Again, in the English case of Archer v Moss [1971] 1 All ER 747 where the Court of Appeal had to consider the meaning of ‘fraud’ as used in the Limitation Act involving a builder who had covered up inadequate work so it was not discovered for some years, Denning MR approving the earlier decisions referred to of Beaman v ARTS Limited (supra) and Kitchen v Royal Air Force Association (supra) observed at page 750 as follows:

It has long been settled that “fraud” in this context does not necessarily involve any moral turpitude… It is sufficient if what was done was unconscionable.”

 

Having, overruled the learned justices of the Court of Appeal on the case of fraud, we are bound to take the evidence led by the plaintiff in support of its case into account before deciding the question whether the judgment of the Court of Appeal is against the weight of the evidence. The question which then emerges for our determination is having regard to all the evidence including that which was routinely rejected by the learned justices of the Court of Appeal, the decision of the court below is one supported by the evidence? Alternatively, that question can be framed in the negative whether the said decision can be said to be unreasonable and or perverse?

 

Turning to the evidence led by the parties, we are of the view that as the 1st defendant was unable to prove that the lodgment into its accounts came from his alleged business partner, Youssif Djibril, the totality of the evidence led by the plaintiff in support that the transfer was from its account with BCC in Chad looks more probably to be true than its non-existence in terms of section 11(4) of the Evidence Act, NRCD 323 of 1975 which provides that:

“In all other circumstances, the burden of producing evidence requires a party to produce sufficient evidence so that on all the evidence a reasonable mind could conclude that the existence the fact was more probable than its non-existence.”

 

The evidence of the documents bearing out the swift transfer into the accounts of the 1st defendant shows overwhelmingly that it was paid out of its account held with BCC. The signatures that allegedly instructed the transfer from the headquarters of the plaintiff bank to BCC were said by the plaintiff not to belong to those who signed exhibit “F”, the document by which the instruction to effect the transfer in the name of the plaintiff bank was made. The evidence further established that the said instruction was not authorised by the plaintiff. Then there is the evidence of the 2nd defendant’s representative that the transfer was made from the plaintiff’s account. This important piece of evidence was neither contradicted by the 1st defendant nor any challenge made to the evidence coming as it were under cross-examination. The following pieces of evidence elicited from the said witness under evidence in chief at page 252 -253 and the cross-examination or the lack of a challenge to the testimony regarding the ownership of the funds from which the transfer was made is particularly revealing. When led in evidence in chief, this is what the representative of the 2nd defendant testified to:

“Q. your records show that a sum of $ 2.3m was received into your customer, Hiss Hands Agency Account is that correct?

A. Yes, My Lord.

Q. And your records also show that the money was received from Chad, is that correct?

A. Yes, My Lord.

Q. And your records also show that that money from Chad comes from the account of the plaintiff?

A. Yes, My Lord.

Under cross-examination by counsel for the 1st defendant, this is what the representative said at pages 252-253 of the record of appeal.

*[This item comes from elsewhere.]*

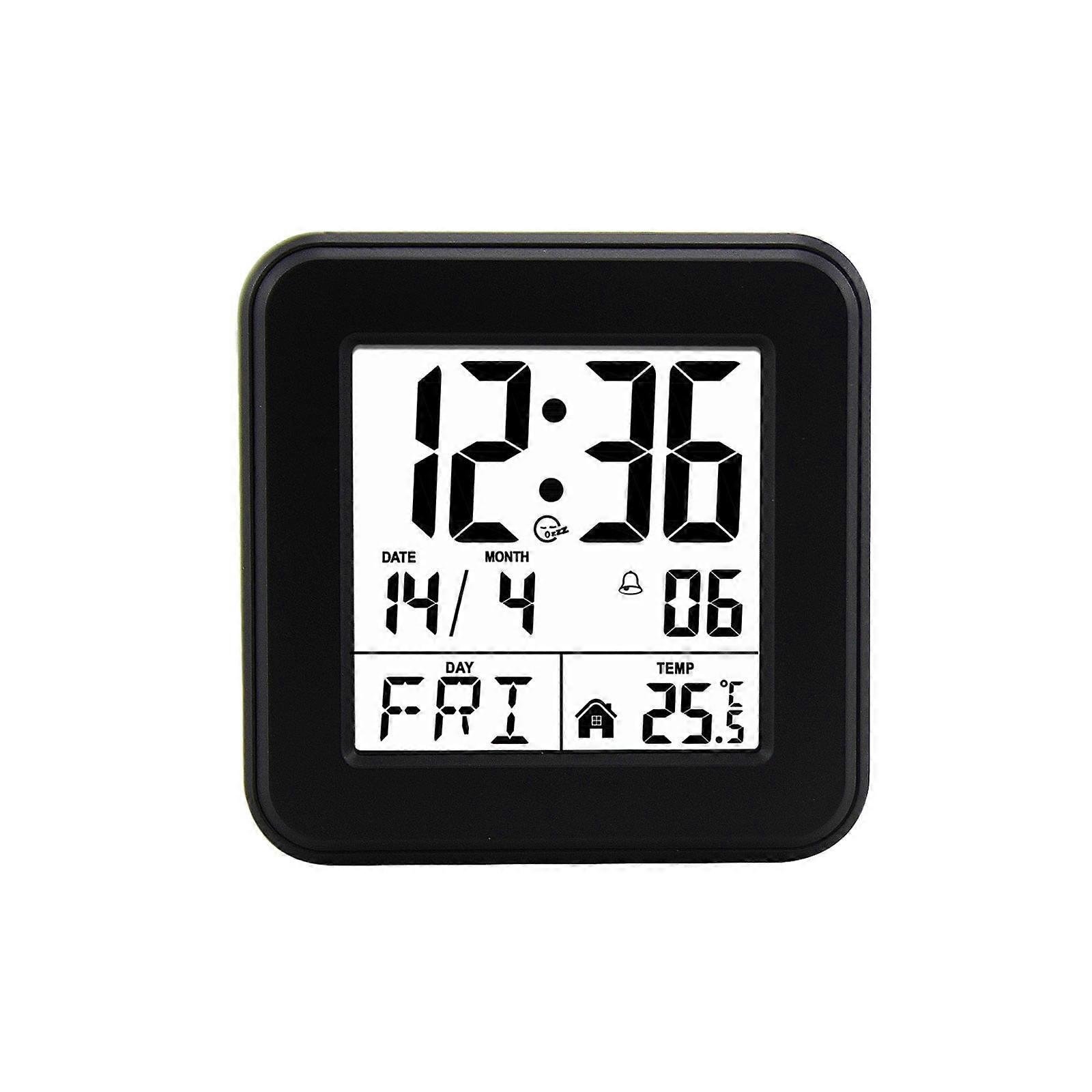 AQITTI Home Clock Compatible with Battery Powered LCD Digital Alarm Clock with Date, Day, Snooze, Temperature, 12/24H, Backlight, Silent, Travel Size

Q. Now, you were asked whether or not you know the plaintiff. Is that correct?

A. Yes, My Lord.

Q. And your answer was that the plaintiff had some dealings with the Bank. Is that correct?

A. yes, My Lord.

Q. Can you kindly tell the court what type of dealings the plaintiff had with the Bank?

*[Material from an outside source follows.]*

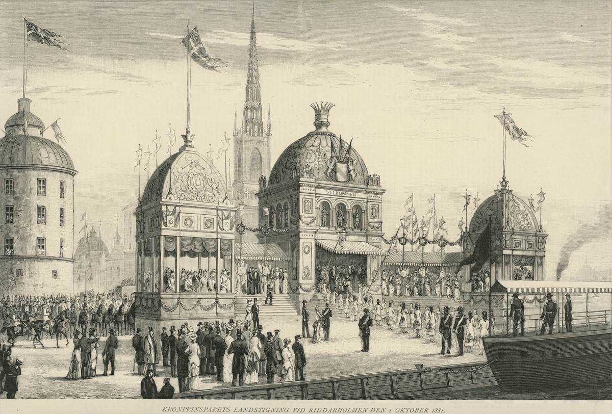 Tryck. Kronprins Gustavs och Viktorias av Baden förmälning 1881. Kronprinsparets landstigning vid Riddarholmen den 1 oktober 1881"

A. My lord, the subject matter was Foreign Exchange Transactions.

Q. Mr. Kwaadade, I am putting it to you that the plaintiff which is Oceanic Bank never had any dealing with the Bank?

A. That is not correct.

Q. Now that the funds were transferred from Chad to the account of the 1st defendant with Intercontinental Bank, now Access Bank, Ghana Limited, did you have any reason to suggest that the money was fraudulently transferred?

A. No, My Lord.”

 

My Lords, the above exchange in the course of the trial demonstrates how poorly the 1st defendant performed in its attempt to put across its case. From the evidence referred to, the important statement from the representative of the 2nd defendant regarding who owned the funds from which the transfer was made into the account of the 1st defendant was left unchallenged as, after the last quoted piece of evidence at page 253, counsel for the 1st defendant made the following statement:

“My Lord that is all we have for the witness.”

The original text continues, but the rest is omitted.